Some 10,000 Belarusan army, internal and border troops, 130 artillery and surface-to-air missile systems, sixty battle tanks, 200 infantry fighting vehicles and armored personnel carriers, and forty planes and helicopters are involved in the Neman 2001 exercise. The troops will also test some new Russian-model or Russian-licensed weapons made in Belarus, such as Belgrad multiple rocket launchers, MAZ trucks, Kalashnikovs with telescopic sights and sniper rifles with new optical equipment. The exercise headquarters is a using satellite communications system loaned by Russia’s Defense Ministry gratis.

In a curtain-raiser interview on this exercise with the Russian Defense Ministry’s daily Krasnaya Zvezda, Lukashenka portrayed his military exercise as a response to NATO’s Amber Hope-2001, which is now in progress in Lithuania (see Baltic section above). The Belarusan president had announced as early as June that he would “respond” to Amber Hope by holding an unprecedentedly large exercise in Belarus near the Lithuanian and Polish borders.

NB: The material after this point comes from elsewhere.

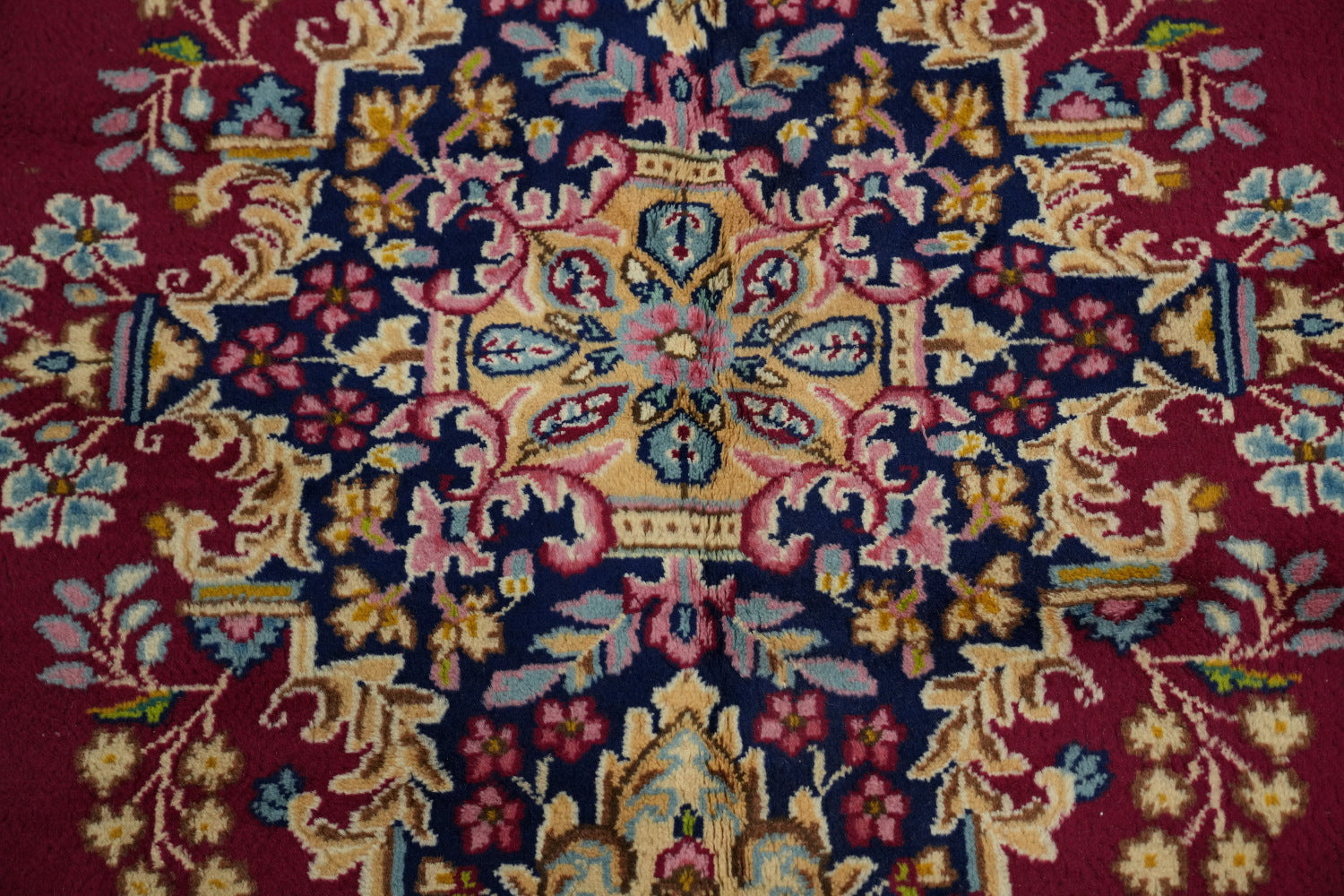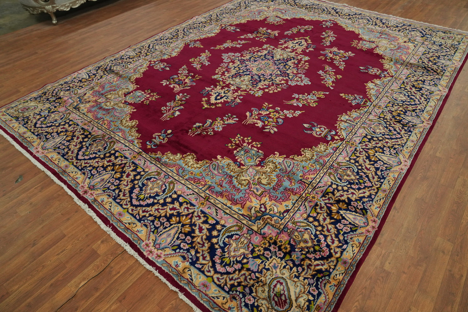 A Beautiful Genuine Persia ( Persia ) Kerman rug is Hand Knotted by skillful weavers in Persia ( Persia ) with 100% Wool Material. This rug is in Very Good condition. dimensions are 13' 4'' X 9' 9'' in foot and 406 X 297 in centimeter. the primary color is Red.

Lukashenka celebrated his 47th birthday on August 30 by strutting in front of television cameras at the testing range near Hrodna clad in camouflage gear, taking aim through guns, checking combat hardware and receiving reports from army commanders. While confidently expecting reelection in the tightly controlled presidential balloting on September 9, Lukashenka is visibly nervous at the prospect of international nonrecognition of his preprogrammed electoral farce. His main opponent, Uladzimir Hancharyk, urged Lukashenka on August 26–the opening day of Neman 2001–to postpone the exercise until after the election and give up military posturing altogether. The president’s “anti-Western, bellicose statements are exposing not just Lukashenka but the country itself to ridicule,” Hancharyk commented.

Prefacing the ground-force Neman 2001, Belarusan military took part in joint air defense exercises with Russian forces in the Chita Region, eastern Siberia, on August 18-22 and at Cape Taran, Kaliningrad Region on August 22-23. These two were bilateral exercises, unlike the CIS exercise at Ashuluk; but all three presupposed that Belarus would join Russia in resisting a military “aggression” by NATO countries. Such projections serve mainly political purposes: Moscow reckons that this is one way to line up at least some CIS countries behind it, while leaders like Lukashenka earn Moscow’s political support by following its lead (Nezavisimaya Gazeta, August 23; Itar-Tass, RIA, NTV, August 26; Agentstvo Voyennykh Novostei, August 23, 28; Interfax, August 26-30; TV6, August 26, 30; see the Monitor, August 30).